In fact, as the "Where's the 'any' key" executives and attorneys at TV networks & movie studios spend millions on legal fees, they could've used that money to hire great technical teams to build any-device, time-shifting, place-shifting video services. (See Aereo, as an example of Barry Diller doing just that.)
And the Nielson rating company monopoly in US, was being lazy in not adding viewership statistics from DVRs and YouTube, so some shows that were actually popular were canceled because the ratings measurement was incorrect.
James Cameron proudly proclaimed that as "Avatar" zoomed past $1.5 BILLION in revenue, it was the most pirated movie.

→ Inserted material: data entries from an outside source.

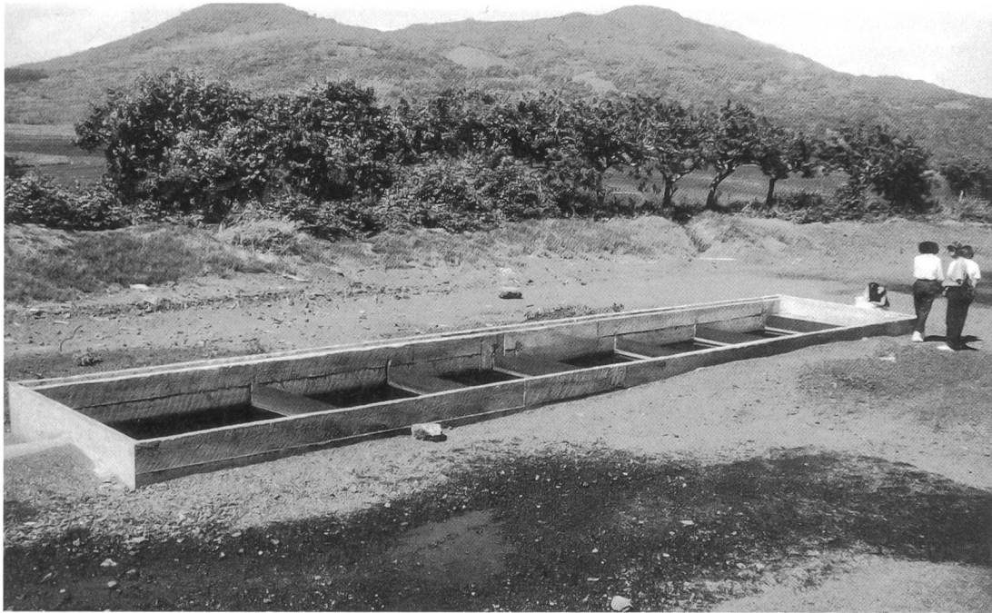
Das Filter besteht aus mehreren Kammern, von denen jede die durchschnittliche Tagesmenge an Pestizidabwässern aufnehmen kann.

Eine der Möglichkeiten, die Effektivität des Abbaus zu überprüfen, wäre der gaschromatographische Nachweis der im Filtrat verbleibenden Pestizide, also eine quantitative Erfassung der Abbaupkapazität. Neben methodischen Problemen, die sich mit solch einer Bestimmungsmethode stellen, stellt sich in Nicaragua auch das Problem der fehlenden Ausstattung. In ganz Nicaragua gibt es nur zwei oder drei funktionierende Gaschromatographen.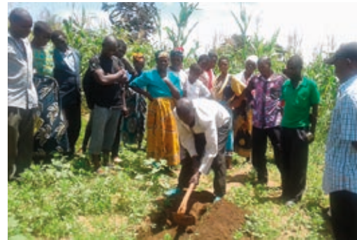
Ausbildung von Landwirt*innen in Malawi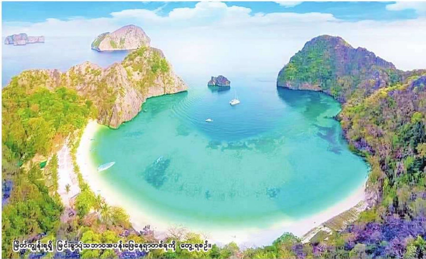
မြိတ်ကျွန်း၊ရရှိ မြင်းခွာပုံသဘာဝအပန်းဖြေနေရာတစ်ခုကို တွေ့ရစဉ်။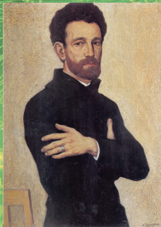
Автопортрет со скрещенными руками. 1966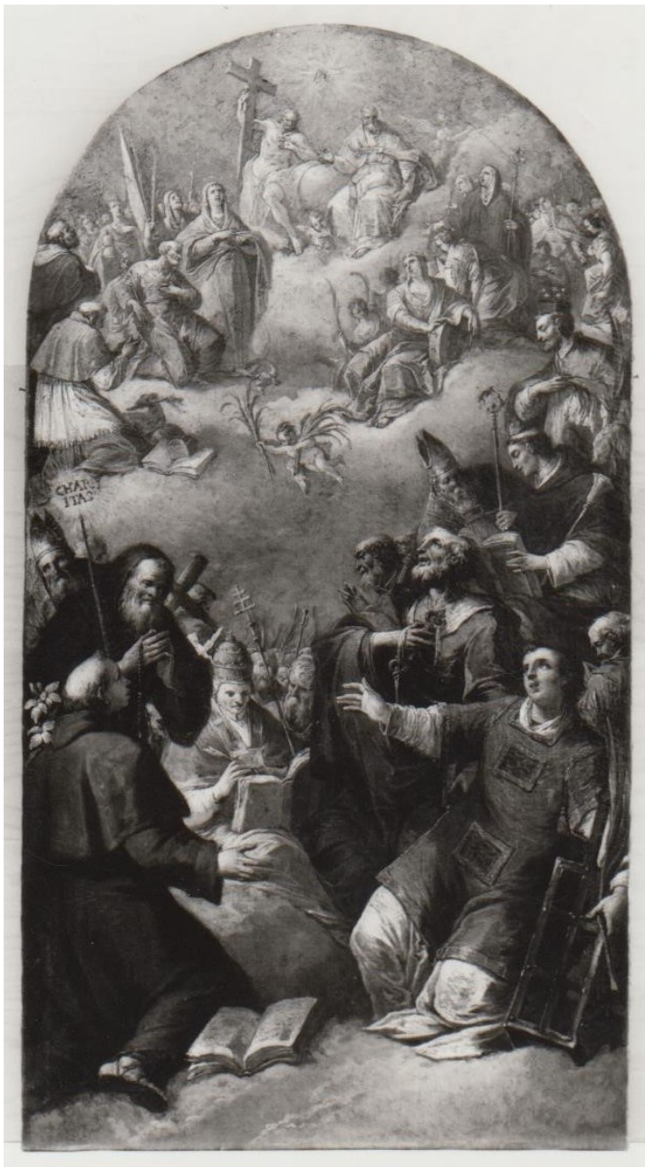
inv. 48863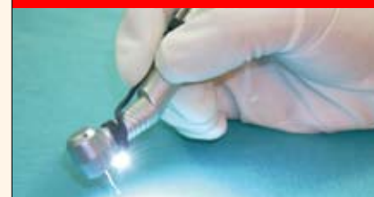
Novedades de Vita, E-WOO, Forestadent, e Introlight Páginas 28, 29 y 30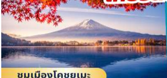
ชมเมืองโคชูยูเมะ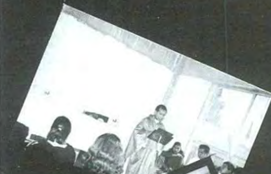
La misa con la que dimos inicio al semestre

¡Unete y participa en todas y cada una de las actividades que te ofrece tu universidad!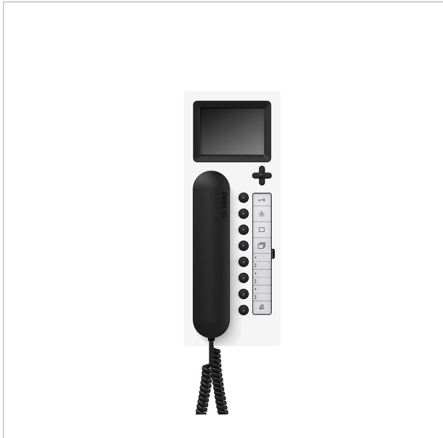
Access Haustelefon Video AHTV 870-0 WH/S 200041946-00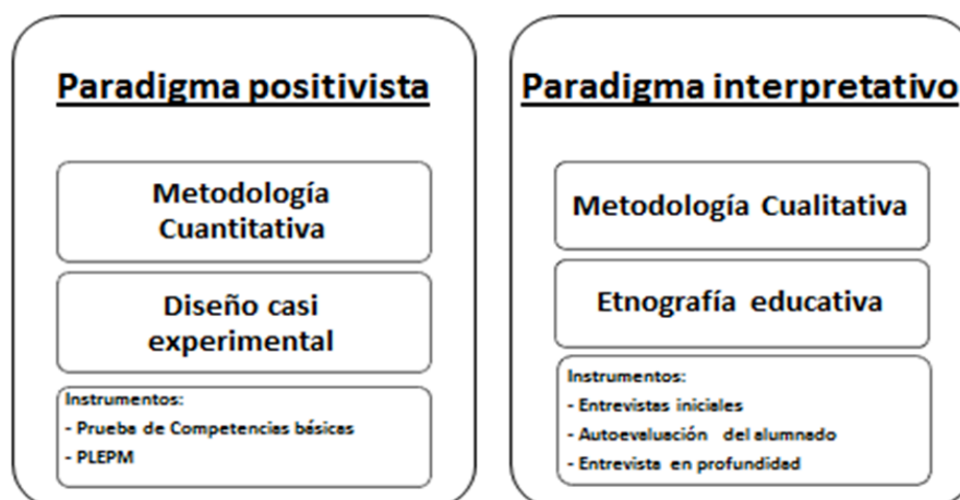
Figura 3: Metodología de la investigación. Elaboración propia

The intrinsic friction here is that the movie bosses want to artificially reduce day-one demand, because they think they'll be able to milk revenue through all the various distribution "windows."
o Theater
o iTunes/Amazon
o Netflix (expires if movie wins an Oscar or sold to HBO for a 12-month window)
o DVD
o HBO or other movie channel
o Basic cable channel
o Free TV broadcast (after 15 years)
o Etc...
In fact, it may be likely that many people with families, busy schedules, less disposable income, traffic/parking annoyance, ugly local theater, whatever reason...would rather watch the movie at home on their internet set-top box or tablet...
Btw, note also, a movie ticket for the Wizard of Oz in 1939 was 23¢.